7th General of The Salvation Army
- In office 1 July 1954 – 23 November 1963
- Preceded by: Albert Orsborn
- Succeeded by: Frederick Coutts

Personal details
- Born: 22 August 1893 London
- Died: 15 December 1977 (aged 84)
- Resting place: New Camberwell Cemetery

= Wilfred Kitching =

British Salvation Army General (1893–1977)

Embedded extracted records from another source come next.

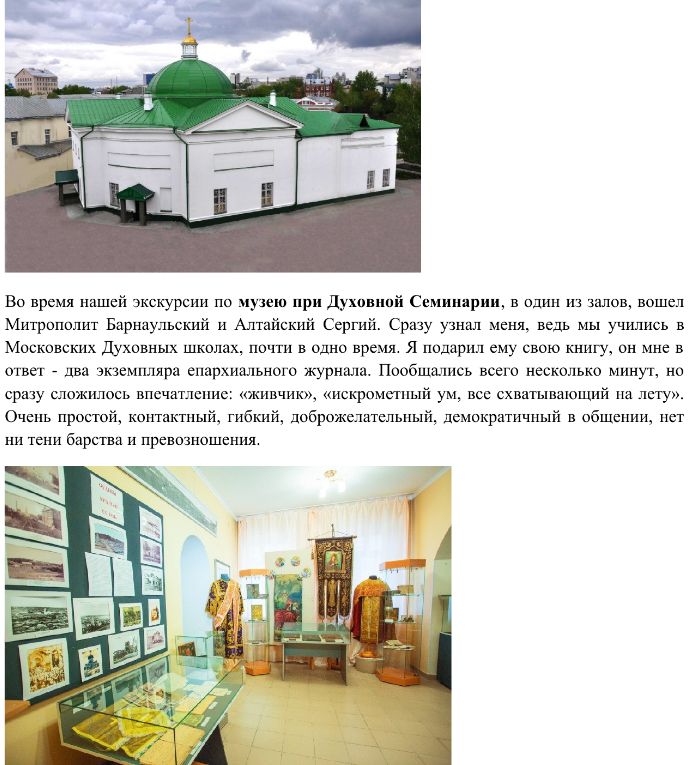 Поднялись на самую высокую точку города у голубого моста на берегу реки Барнаулки, где большими буквами обозначено "Барнаул". Здесь несколько лет назад была восстановлена Предтеченская церковь, а еще раньше был водружен поклонный крест в честь 2000-летия христианства. Гуляя по городу, я, учитывая теплую погоду, солнечный день, вышел в лёгкой осенней куртке. Поздно вечером существенно похолодало. Я переохладился и начались проблемы с бронхами. В течение нескольких десятилетий, несмотря на мои упорные попытки излечиться, это сделать не получается. Наверное, в этом промысел Божий - по словам одного святого отца, монаху полезно немного болеть, это как противодействие взыгранию страстей, узда для них. Недавно я услышал заключение врача-психолога об одном моем знакомце - "изменению не подлежит". С грустью подумал: "Похоже, что и я в медицинском плане изменению не подлежу".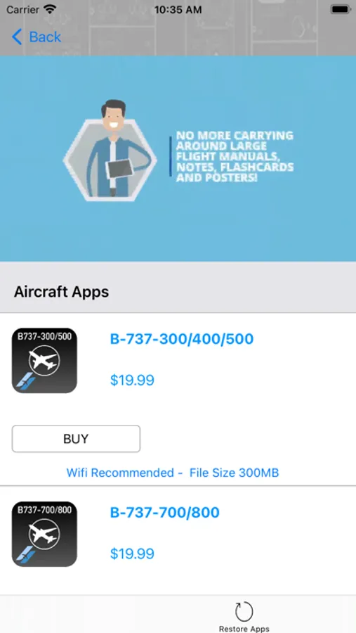 STEP 3: Tap the Buy button under the aircraft you wish to purchase. Your account will be charged a one time price for the material and content. The price is listed on each Aircraft App and the price will be different based on the content in each app.
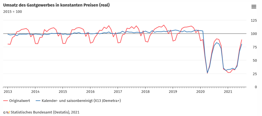 Der Gastgewerbeumsatz in Deutschland ist laut aktuellen Berechnungen des Statistischen Bundesamtes im Juli 2021 um 20,8 % gegenüber Juni (real; nominal + 21.3 %) gestiegen; er lag damit aber immer noch 23,5 % "unter Vorkrisenniveau", in der Lesart des Bundesamtes der Februar 2020. Gegenüber Juli 2020 stieg der Umsatz 3,5 % real (+3,8 % nominal).

Wilfred Kitching CBE (22 August 1893 – 15 December 1977) was a British Salvation Army officer who was their seventh General between 1954 and 1963.

==Biography==
Born in Wood Green, London, to Theodore and Jane Kitching (née Cranshaw); his father was also a Salvation Army officer. Wilfred attended Friern Barnet Grammar School. He became a Salvation Army Officer at age 20 in 1914. He would serve over 30 years in corps, divisional and National Headquarters appointments, and the British Territory.

He and Adjutant Kathleen Bristow were married in 1929. In 1946, he was sent to serve in Australia South as Chief Secretary. He was sent to Sweden to serve as Territorial Commander in 1948. In 1951, he became British Commissioner.

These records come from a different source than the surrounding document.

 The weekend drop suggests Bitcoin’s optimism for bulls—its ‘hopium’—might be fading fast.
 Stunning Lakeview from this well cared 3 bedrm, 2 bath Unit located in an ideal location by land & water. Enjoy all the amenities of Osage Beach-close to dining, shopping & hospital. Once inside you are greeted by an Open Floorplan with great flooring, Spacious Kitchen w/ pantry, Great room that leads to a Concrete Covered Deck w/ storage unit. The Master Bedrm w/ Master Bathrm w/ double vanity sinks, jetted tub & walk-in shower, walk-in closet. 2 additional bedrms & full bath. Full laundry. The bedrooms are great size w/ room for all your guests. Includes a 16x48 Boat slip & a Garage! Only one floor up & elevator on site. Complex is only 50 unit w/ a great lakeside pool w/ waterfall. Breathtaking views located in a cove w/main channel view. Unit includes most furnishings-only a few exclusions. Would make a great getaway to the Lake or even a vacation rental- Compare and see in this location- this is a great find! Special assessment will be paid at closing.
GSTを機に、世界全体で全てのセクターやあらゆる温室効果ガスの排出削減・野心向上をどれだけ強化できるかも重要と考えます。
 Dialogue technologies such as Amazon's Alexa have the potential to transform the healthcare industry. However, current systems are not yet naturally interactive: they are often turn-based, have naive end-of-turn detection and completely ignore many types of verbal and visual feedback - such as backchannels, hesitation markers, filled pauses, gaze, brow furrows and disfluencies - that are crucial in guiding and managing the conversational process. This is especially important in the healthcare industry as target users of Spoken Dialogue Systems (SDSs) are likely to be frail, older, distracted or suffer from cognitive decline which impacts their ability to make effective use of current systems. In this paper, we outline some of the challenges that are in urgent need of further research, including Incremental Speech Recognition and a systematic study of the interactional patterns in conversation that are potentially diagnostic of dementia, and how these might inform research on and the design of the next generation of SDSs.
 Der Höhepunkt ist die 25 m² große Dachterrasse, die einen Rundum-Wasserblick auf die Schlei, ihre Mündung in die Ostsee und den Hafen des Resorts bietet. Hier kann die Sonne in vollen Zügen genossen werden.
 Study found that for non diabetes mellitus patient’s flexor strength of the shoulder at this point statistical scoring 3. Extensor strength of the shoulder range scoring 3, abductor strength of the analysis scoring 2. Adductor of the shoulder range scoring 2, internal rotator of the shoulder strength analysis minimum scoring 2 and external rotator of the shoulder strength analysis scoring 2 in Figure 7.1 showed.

The Commissioner was elected General of The Salvation Army by the High Council in 1954. During his years as an officer, he wrote many songs in The Salvation Army song book. In 1961, he was awarded a Hon. LLD in Yonsei, Korea, and CBE in 1964. He also wrote two books, Soldier of Salvation (1963), and his autobiography, A Goodly Heritage (1967). General Kitching retired on 22 November 1963.

General Wilfred Kitching died at the age of 84. He is buried in New Camberwell Cemetery.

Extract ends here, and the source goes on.